Антон отвел глаза. Надо что-то говорить, чтобы не дать матери возможности открыть ему семейную тайну: не сказала бы, что он – не родной ей сын.
– Как тебе Таня? – настойчиво повторил он.
– Таня? Да ничего. Таня как Таня.
– Она тебе не нравится?
– Не нравится? С чего ты взял?
– А зачем ты губы поджимаешь?
Мать рассмеялась.
– А если я скажу, что не нравится, ты от нее откажешься?
– А тебе не нравится?
– Господи, да что ты заладил! Главное, чтоб тебе нравилась. А ты что, жениться собрался?
– Пока нет, но...
– Ну, если и соберешься, ради бога. Я тебе запрещать ничего не буду, да и как ты это представляешь? Что я паспорт спрячу или лягу на пороге, чтоб невестка не вошла?
– Чего, правда? – изобразил удивление Антон. – Тебе все равно, кого я приведу в дом?
– Нет, мне не все равно, только я считаю, что твой путь ты должен пройти сам. Я тебе устилать дорожку пальмовыми ветвями не буду. Но и воздух портить не собираюсь.
– А если она к тебе будет плохо относиться?
– Надеюсь, что ты ее приструнишь. Будем пороть невестку по субботам.
– А если она ко мне будет плохо относиться?
– К тебе? Подсыплем ей стрихнину в кофе, – мать заглянула ему в глаза. – Что-то мне не нравится твое настроение. Если ты не прямо завтра собрался привести домой жену...

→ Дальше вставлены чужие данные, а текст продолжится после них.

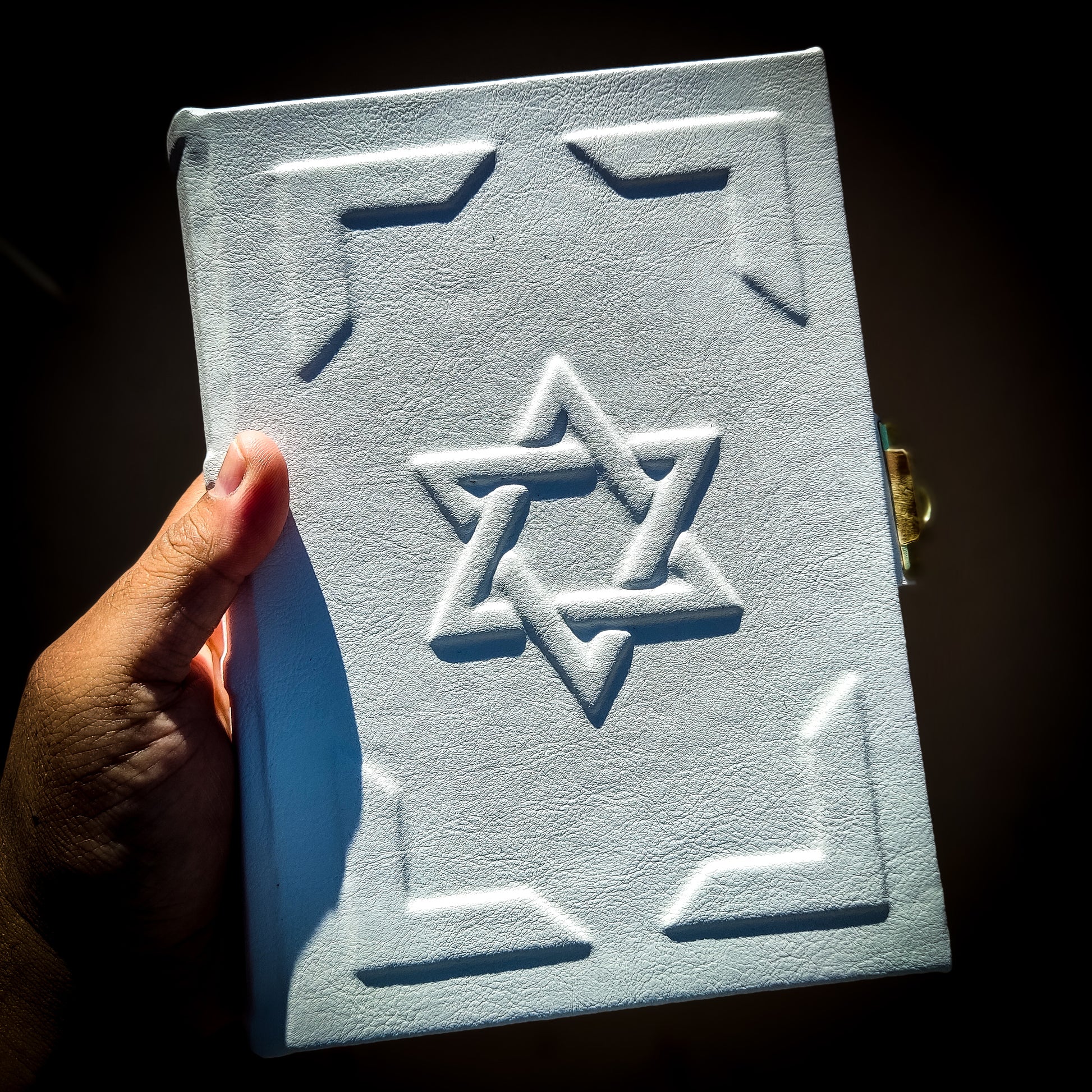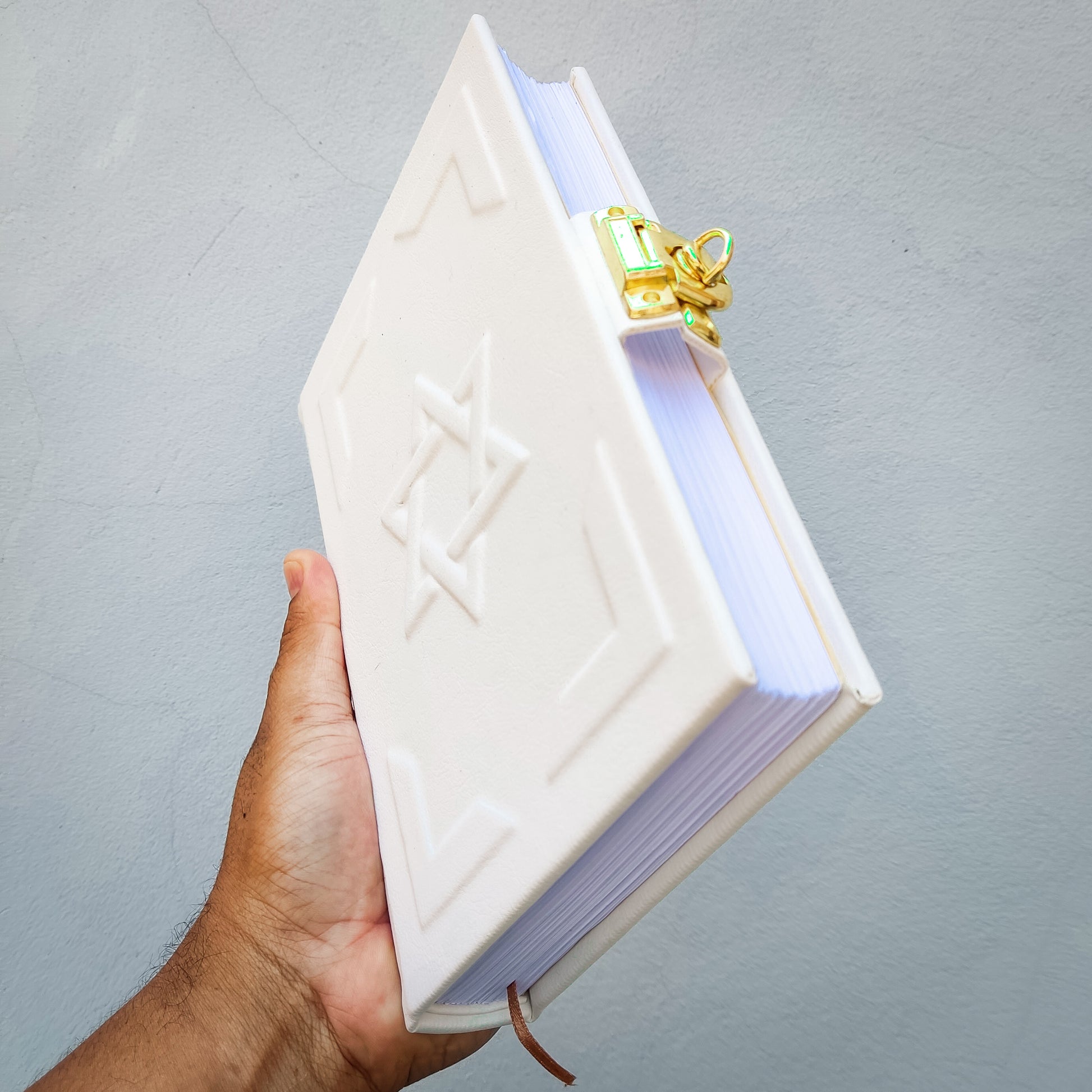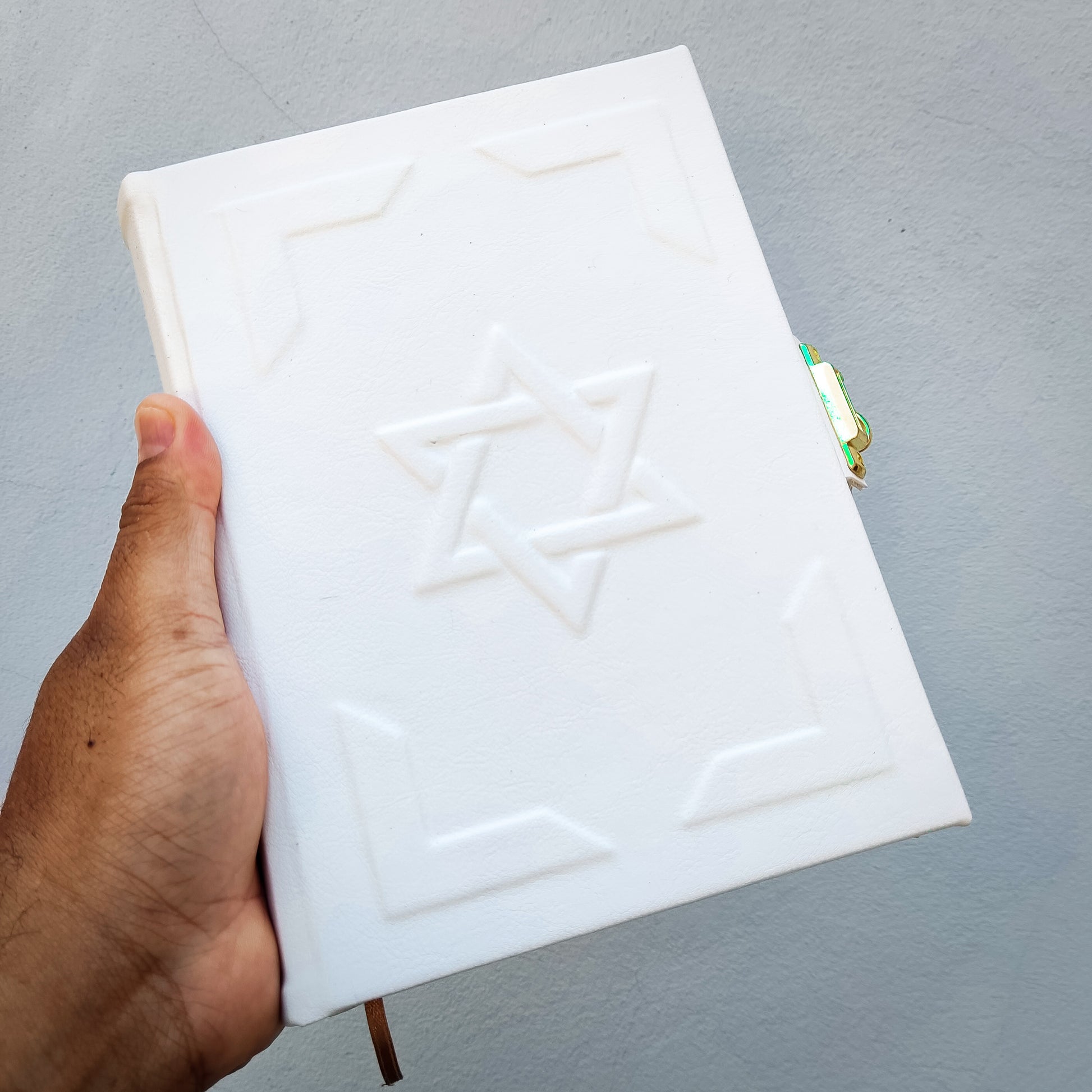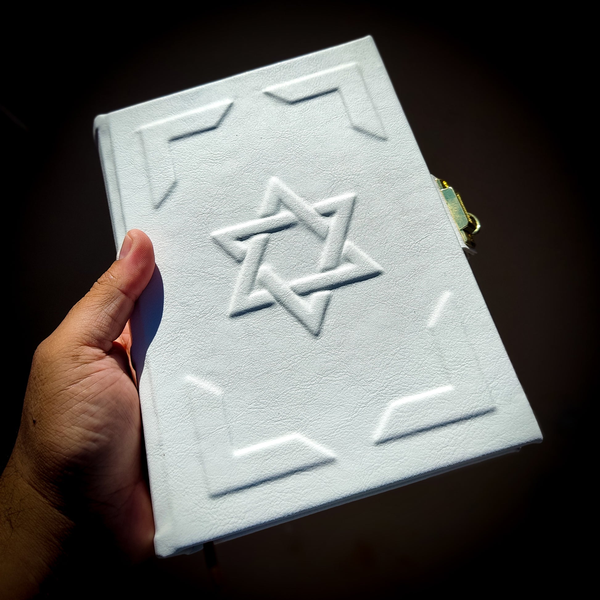 Com fecho metálico dourado e estrela central (estrela de Davi) em alto relevo.

– Нет, не завтра, – улыбнулся Антон.
– И не послезавтра? Тогда говори, что тебя гложет. Я же вижу, Антошка, что тебя что-то грызет. Если можешь, рассказывай. Если нет... Тогда давай я просто тебя пожалею.
Она обняла его, прижала к груди, и Антон неожиданно для себя расплакался. Прямо как маленький, как детсадовец. Позор какой! Но он не сумел сдержать слезы, намочил матери блузку, и теперь хлюпал носом.
– Та-к! – сказала мать. – Это уже серьезно. Колись. Я уже не отстану.
Поскольку Антон молчал, не решаясь начать разговор, мать стала выдвигать версии сама:
– Значит, так. Я скоро стану бабушкой?
– Не-ет, ты что! – испугался Антон. – С чего ты взяла?!
– Значит, нет. Уже легче, – она подумала немного. – Тебя уволили из прокуратуры?
– Пока вроде нет, – опасливо сказал Антон.
– Что же с тобой приключилось? Раз даже глаза на мокром месте?
Антон вдруг подумал, что если он сейчас прямо спросит у матери, а она честно ему ответит, то потом они сделают вид, как будто ничего не было. Или вот: он притворится, что потерял сознание, а когда очнется, скажет, что ничего не помнит. Отличная идея.
Зажмурившись и сжав изо всех сил уголок одеяла, как он до красных пятен сжимал что-нибудь в руке далеко в детстве, у зубного врача, чтобы отвлечься от боли и страха, Антон даже не проговорил, а, как ему показалось, прокричал:
– Мам, я – не родной вам сын?
– Что?! – мать удивилась так, что даже покачнулась на краешке кровати, где пристроилась, придя в палату.
– Скажу, только честно, я не родной вам? Вы меня усыновили? Я – сын Одинцовой?